# building my first gaming computer



## Morgiee101 (Jun 30, 2008)

hi guys i'm looking for some sugestions on what i should put in my first gaming computer, iv'e built basic computers but nothing as big as a gaming computer, however i can build computers just not good at what i should put in them lol.

Im looking to build a gaming computer no more than 300 pound if i can help it or 478 Dollers if your american lol.

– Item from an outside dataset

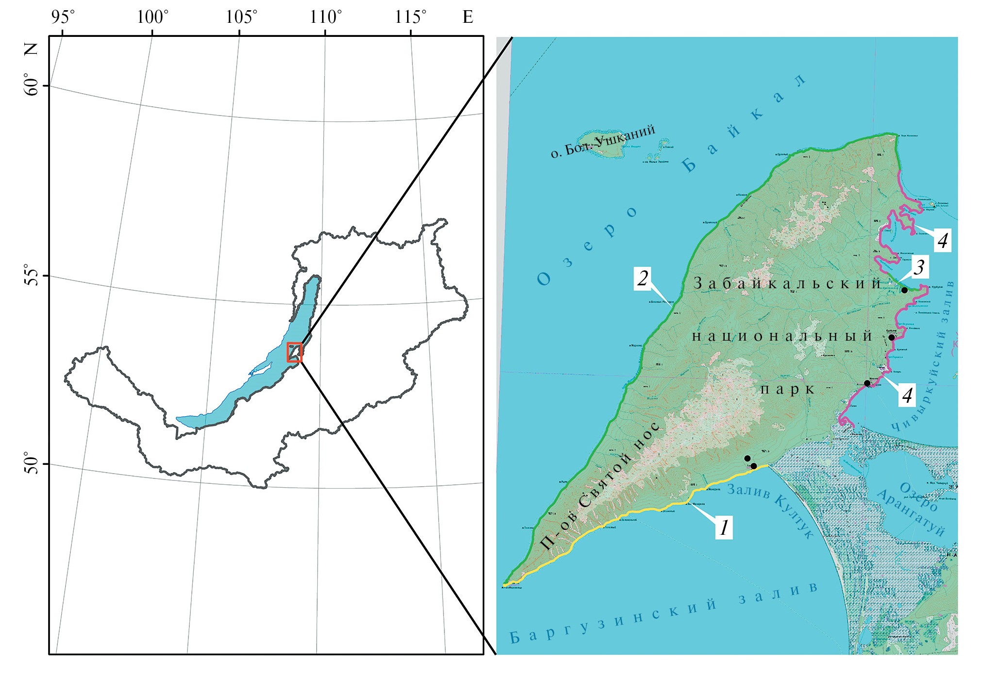Низкие абразионные с отчлененными лагунами берега. Здесь заложен ключевой участок Глинка, расположенный в 700 м от одноименного названия местности в заливе Култук Баргузинского залива. Высота над ур. м. – 548 м (91 м над уровнем Байкала1). Координаты: 53°36ʹ10.3ʺ N; 108°50ʹ29.3ʺ E. Территория представляет собой предгорную равнинную лесную полосу, сочлененную с аккумулятивным озерно-болотным перешейком полуострова. Ширина полосы составляет не более 3 км. Распространенные на участке душекиево-березово-лиственнично-сосновые леса вплотную подступают к литорали, без полосы приозерных лугов. В кустарничковом ярусе преобладают кедровый стланик Pinus pumila, рододендрон даурский Rhododendron dauricum, брусника Vaccinium vitis-idaea. Поверхность покрыта зелеными мхами и ягелем. Подобные прибрежные низкие полосы, находящиеся под непосредственным охлаждающим в летний период и увлажняющим воздействием Байкала, названы Тюлиной [32] подпоясом температурной инверсии, или ложноподгольцовым.
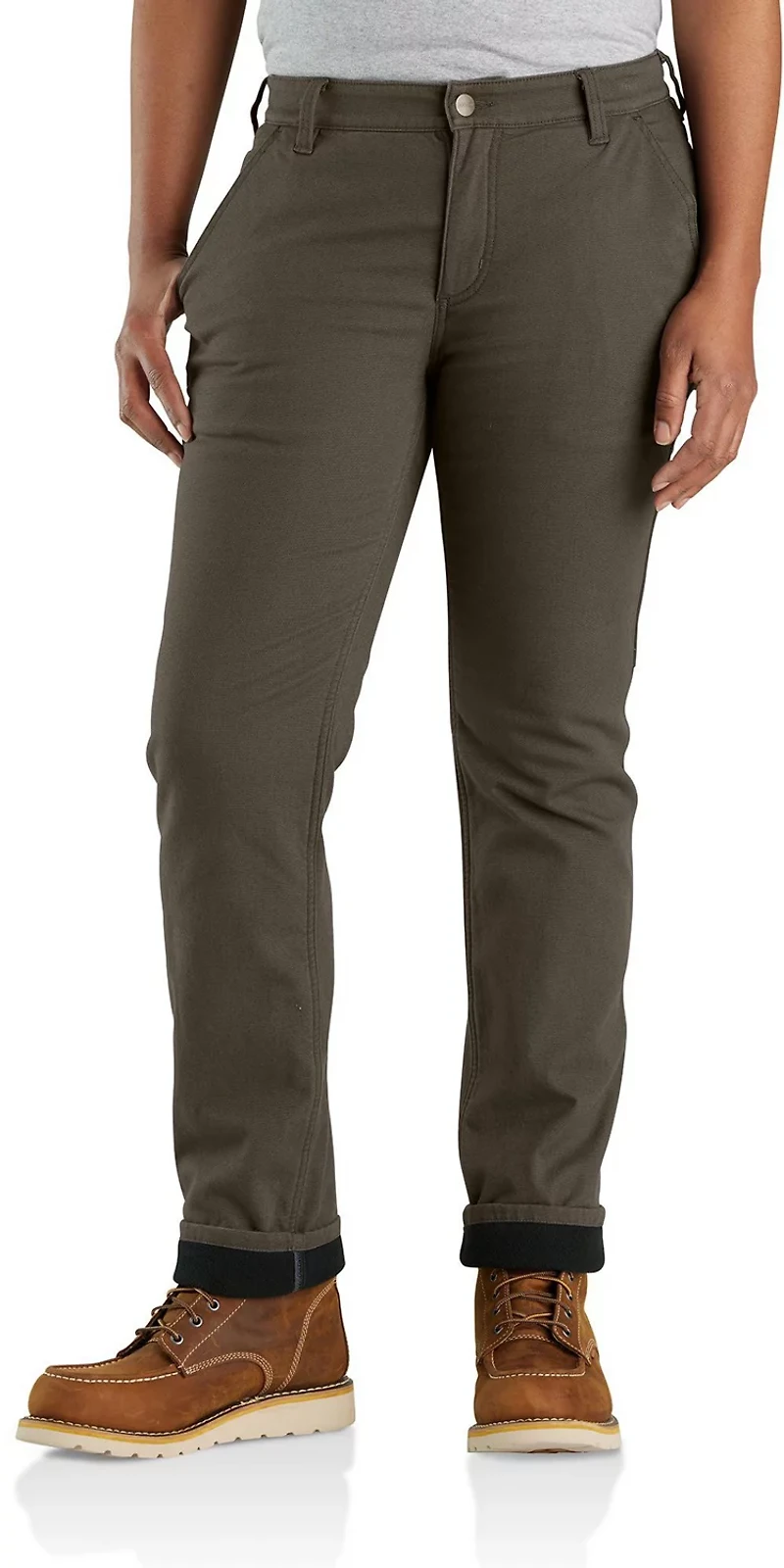 Move freely on the job with Carhartt Women's Rugged Flex Relaxed Fit Canvas Fleece Lined Work Pants. The Rugged Flex® stretch canvas provides a mobile, comfortable fit perfect for tough work days. Soft fleece adds warmth for chilly weather.

from this gaming computer i want to be able to play the new COD modern warfare 2 and some hi spec games like kane anf lynch, and need for speed shift 

Thanks for your help

Morgiee


----------



## Wrench97 (May 10, 2008)

300 is going to tough for a gaming PC that would be spent on a decent power supply and video card.
Have a look here at the $800 AMD build and we'll go from there> http://www.techsupportforum.com/f24...-are-6-suggested-models-with-spec-367415.html


----------



## Tyree (May 10, 2009)

Do you need monitor, keyboard, mouse and OS also?


----------



## Morgiee101 (Jun 30, 2008)

well... idealy yes i supose i could use my current one at the moment


----------



## Tyree (May 10, 2009)

The $800 Intel build: Minus $100 for the OS-$35 for the CPU cooler-go with a ATI4850 for $35 less than the 9800GTX. That still comes to $630 in US prices.


----------